This section is empty.

Variables

This section is empty.

Functions

func BlockDiag

func BlockDiag(mats ...*mat.Dense) (b *mat.Dense)

BlockDiag creates a block diagonal matrix with the provided matrices running along its diagonal.

func DenseValues

func DenseValues(d *mat.Dense) (data []float64)

DenseValues extracts the row-major data from the provided dense matrix.

func Diag

func Diag(v []float64) (d []float64)

Diag returns the corresponding diagonal square matrix values given diag values.

func Eye

func Eye(r int) (m *mat.Dense, err error)

Eye returns the dimension r identity matrix.

func Harmonics

func Harmonics(min, max float64) []float64

Harmonics provides a consistent method for generating fourier harmonics for a stream, it does so by splitting harmonics into powers of 10.

Types

type Deterministic

type Deterministic struct {
	*mv.Normal
}

Deterministic is the type against which we apply deterministic model updates.

func NewDeterministic

func NewDeterministic(period float64) (d *Deterministic)

NewDeterministic creates and returns a Deterministic with a proper state prior.

func (*Deterministic) Forecast

func (d *Deterministic) Forecast(period float64, n int) (f []*uv.Normal)

Forecast returns a forecasted slice of normal RVs for this deterministic component.

func (*Deterministic) State

func (d *Deterministic) State() (k *kalman.State)

State returns the kalman filter State.

func (*Deterministic) System

func (d *Deterministic) System(noise, walk, period float64) (k *kalman.System)

System generates process and observation matrices for this linear system.

func (*Deterministic) Update

func (d *Deterministic) Update(noise, walk, period, val float64) (resid float64, err error)
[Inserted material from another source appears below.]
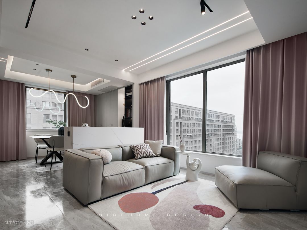 其次,如果家里是轻奢风,比如地面是柔光或者亮光的瓷砖,墙面有石材、镜面或者金属等材料的光泽度较高,可以选择有光泽度的窗帘,比如绒布或者有光泽的雪尼尔等;也要注意有的绒布或者雪尼尔也有缩水的问题。
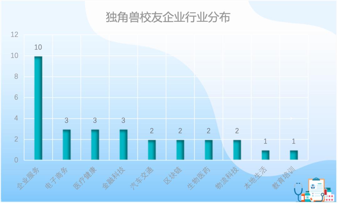 从行业分布看,企业服务领域是浙大独角兽创业校友企业最多的领域,有10家,占总数40%以上。其次是电子商务和医疗健康领域。在金融科技、汽车交通、电子商务也各有3家,此外区块链、生物医药、物流科技、本地生活、教育培训等也有分布。

Update performs a filter step against the deterministic state.

type History

type History []float64

History contains the last two observations for this stream, it is required to do covariance estimation in real time.

func (History) Update

func (h History) Update(v float64)

Update shifts the history one place down and adds a new value.

type Model

type Model struct {
	Deterministic *Deterministic
	Stochastic    *Stochastic
	RCE           *RCE
}

Model stores dynamic state about a stream.

func New

func New(period float64) (m *Model)

New initialises a model given a stream period.

func (*Model) Forecast

func (m *Model) Forecast(period float64, n int) (f []*uv.Normal)

Forecast returns a slice of Normally distributed predictions.

func (*Model) Update

func (m *Model) Update(period, val float64)

Update iterates the Model in response to an observed event.

type RCE

type RCE struct {
	Theta   *uv.InverseGamma
	Zeta    *uv.InverseGamma
	History History
}

RCE is a recursive covariance estimator for a local level kalman filter.

func NewRCE

func NewRCE() (r *RCE)

NewRCE constructs an RCE with appropriate priors for theta and zeta.

func (*RCE) Noise

func (r *RCE) Noise() float64

Noise returns the current noise covariance.

func (*RCE) Update

func (r *RCE) Update(v float64)

Update updates the covariance estimator.

func (*RCE) Walk

func (r *RCE) Walk() float64

Walk returns the current walk covariance.

type Stochastic

type Stochastic struct {
	*mv.Normal
}

Stochastic is the type against which we apply stochastic model updates.

func NewStochastic

func NewStochastic() (s *Stochastic)

NewStochastic returns a stochastic with a proper state prior.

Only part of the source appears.